# Looking for a way to apply the Taylor Series expansion to find derivatives for a function.

This post references the Riemann-Siegel formula found at here and at here.

I am writing a Java program which implements this formula. I am having trouble with the remainder terms.

The Riemann-Siegel formula is defined by -

$$Z(t) = 2 \sum_{n^2 \, < \,t\,/\,2\pi} n^{-1/2}\cos\big(\theta(t)-t \log (n)\big)+R(t)$$

where $R(t)$ involves a bunch of remainder terms starting with $C_0$.
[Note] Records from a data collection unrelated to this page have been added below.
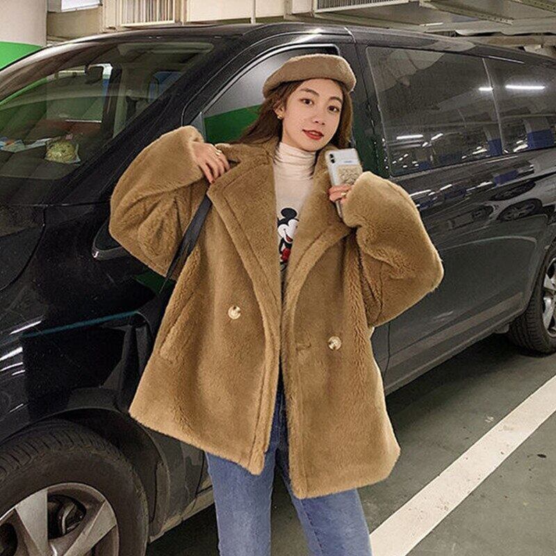 2021 女性の冬暖かいフェイクファーテディベアコート厚い女性ロングコートターンダウン襟女性暖かいコート Casaco Feminino ウィンター 冬物 bel69321889797 | aliel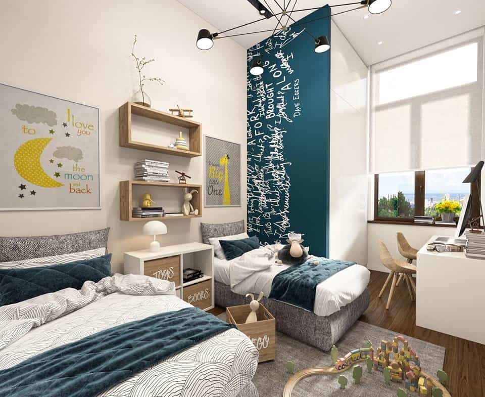 Для более строгого дизайна подойдут темные шторы, ламинат в качестве покрытия пола, обои в холодной гамме или с изображением кирпичной кладки — такие элементы добавляют сдержанности в стиль.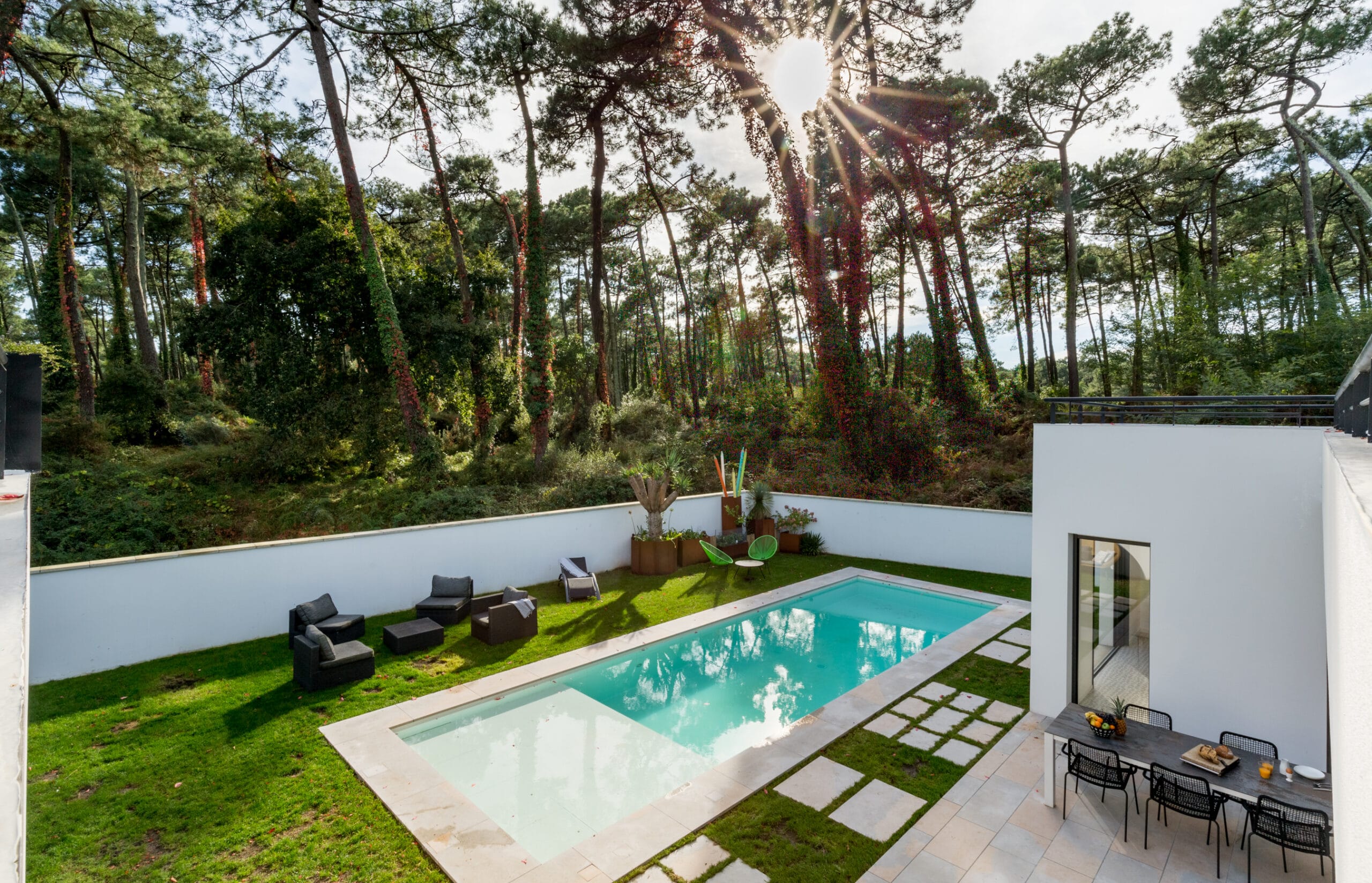 Le rez-de-chaussée de la villa comprend un salon avec cheminée, une cuisine ouverte et une grande table à manger. Le salon peut être entièrement ouvert sur la terrasse, qui abrite également une table à manger en plein air, plusieurs espaces de détente avec des sièges extérieurs et des chaises longues au bord de la piscine. Tout cela est encadré par de grands pins de la forêt qui commence juste à l’extérieur de la villa. Au rez-de-chaussée, vous trouverez également la suite parentale avec un grand dressing et une salle de bain attenante. La chambre principale, le dressing et la salle de bains sont tous dotés de grandes fenêtres du sol au plafond et donnent sur la pelouse verdoyante du jardin.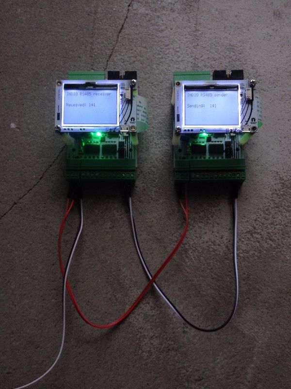 The Industruino INDIO has a half-duplex isolated RS485 transceiver, connected to the 'Serial' hardware serial ('Serial1' on the older 32u4 and 1286 boards). RS485 is a popular industrial standard for serial communications. It is often used with the Modbus protocol, as Modbus RTU. Using available libraries, this is relatively easy way to exchange data between Master/Slave(s) units, e.g. several INDIOs, or other sensors that support Modbus RTU.
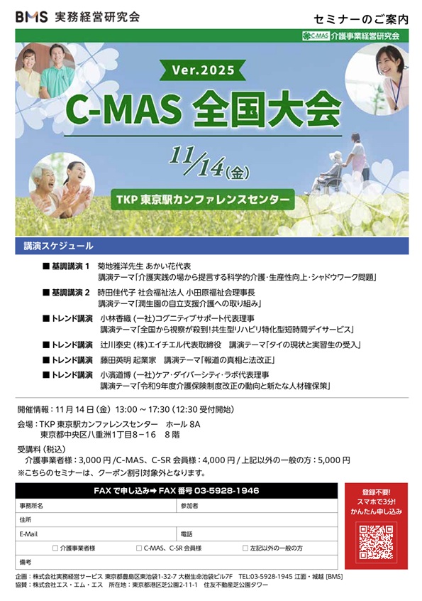 - 介護事業経営支援の専門家ネットワークC-MAS介護事業経営研究会の今年の全国大会は、11月14日(金)13:00〜17:30(12:30受付開始)、TKP東京駅カンファレンスセンターのホール8A(東京都中央区八重洲1丁目8−16 8階)で開催されます。

$$C_0 = \Psi(z) = \frac{\cos \Big(2\pi\left(z^2-z-1/16\right)\Big)}{\cos (2\pi z)}$$

The first remainder term, $C_0$, can be directly calculated by writing the function directly in Java (The $z$ inside the calculation is restricted to $0 \leq z \leq 1$). Terms $C_1$ through $C_4$ create a giant mess since the program must evaluate up to the $12$th derivative of the original $C_0$ term. Is there a functional way around this, most likely involving a series expansion?

This may be a trivial issue to someone who knows more about Taylor Series. Can the Taylor Series approximation be used to evaluate multiple derivatives for $C_0$?

$$\frac{\cos \Big(2\pi\left(z^2-z-1/16\right)\Big)}{\cos (2\pi z)}$$